Spacecraft properties
- Manufacturer: Naval Research Laboratory
- Launch mass: 3,175 pounds (1,440 kg)
- Dimensions: Body: 1.2m x 1.2m x 2.4m (height)

Start of mission
- Launch date: February 14, 1990, 16:15:00 UTC
- Rocket: Delta II 6920-8 (D192)
- Launch site: Cape Canaveral, LC-17B
- Contractor: McDonnell Douglas Space Systems
- Entered service: April 15, 1990

End of mission
- Disposal: Decommissioned
- Deactivated: February 14, 1993
- Decay date: May 24, 2000

Orbital parameters
- Reference system: Geocentric
- Regime: Low Earth
- Eccentricity: 0.00123
- Perigee altitude: 532.00 km (287.26 nmi)
- Apogee altitude: 549.00 km (296.44 nmi)
- Inclination: 43.000 degrees
- Period: 95.30 minutes
- Epoch: 1990-02-14 00:00:00 UTC

Main telescope
- Name: Ultraviolet Plume Instrument (Plume Camera)
- Type: Maksutov-Cassegrain
- Diameter: 10 cm
- Focal length: 600 cm
- Collecting area: 78 cm^{2}
- Wavelengths: 195-300 nm

Instruments
- Army Background Experiment (ABE); Radiation Detection Experiment (RDE); Sensor Array Subsystem (SAS); Ultraviolet Plume Instrument (UVPI);

= LACE (satellite) =

American military satellite

The Low-Power Atmospheric Compensation Experiment (LACE), also referred to as LOSAT-L and USA-51, was a military satellite developed by the Naval Research Laboratory for the United States' Strategic Defense Initiative in the late 1980s and early 1990s, otherwise referred to as the "Star Wars" program.

== Background ==

The LACE mission concept began in February 1985 when the Strategic Defense Initiative Organization approached the Naval Research Laboratory to develop an experiment to characterize laser signals transmitted and received through the Earth's atmosphere from a ground station to an orbiting experiment. The laboratory had been involved with spaceflight since the dawn of the space race, having led the Navy's Vanguard program up until 1959. Since then the laboratory had developed satellites to perform experiments relating to solar radiation, radio transmission through the ionosphere, gravity gradient stabilization, and ocean surveillance, among others.

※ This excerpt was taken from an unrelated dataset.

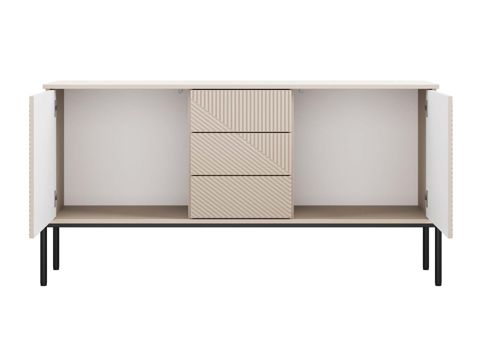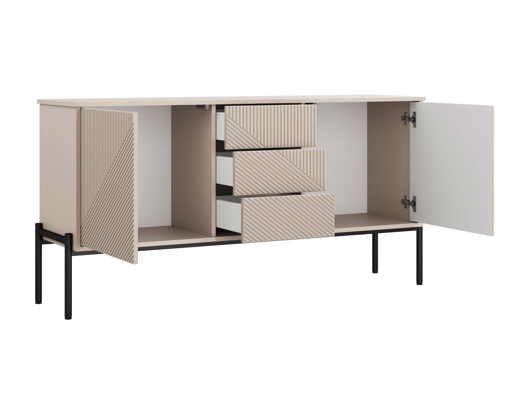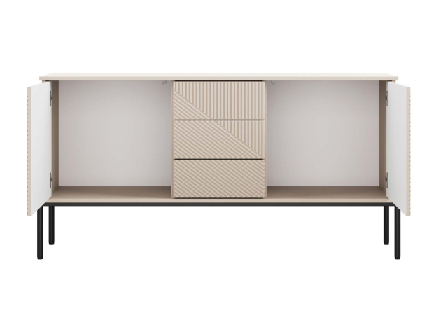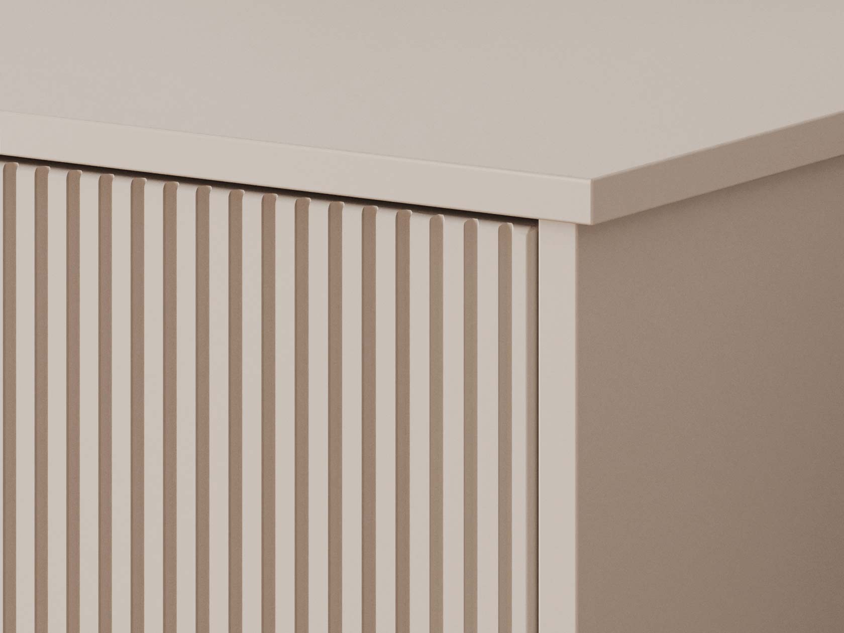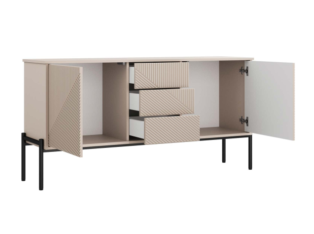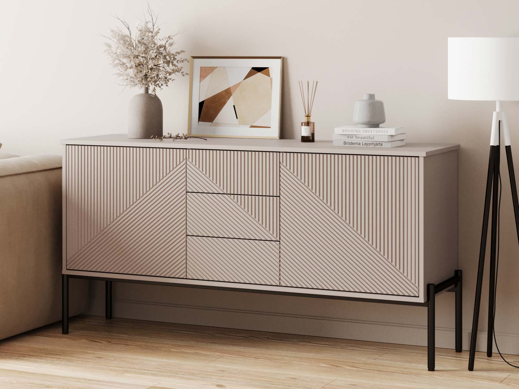 Комод Азуми 3 ящ 2 дв — прекрасный способ упорядочить хранение вещей и разнообразить интерьер. Фрезеровка на фасадах выполнена в виде геометрического узора. Такой дизайн актуален и очень привлекателен. Благодаря высоким опорам комод смотрится невесомо и подходит даже для небольшой комнаты.

In July 1985, the Laser Communication Experiment (LACE) began development. The simple, spaceborne experiment was planned to be flown on the next flight of NASA's Long Duration Exposure Facility (LDEF), launched aboard the Space Shuttle. Because the LDEF was a completely passive payload, LACE would've required additional power and communication subsystems to function properly. After the Challenger disaster, shuttle launches were delayed indefinitely, and the LDEF would remain in orbit from the beginning of its first mission until 1990. This led to the further development of LACE into a full satellite by June 1986, and the availability of expendable launch vehicles such as the Atlas, Titan, and Delta rockets to launch government payloads such as LACE. The satellite would later be renamed to be the Low-power Atmospheric Compensation Experiment.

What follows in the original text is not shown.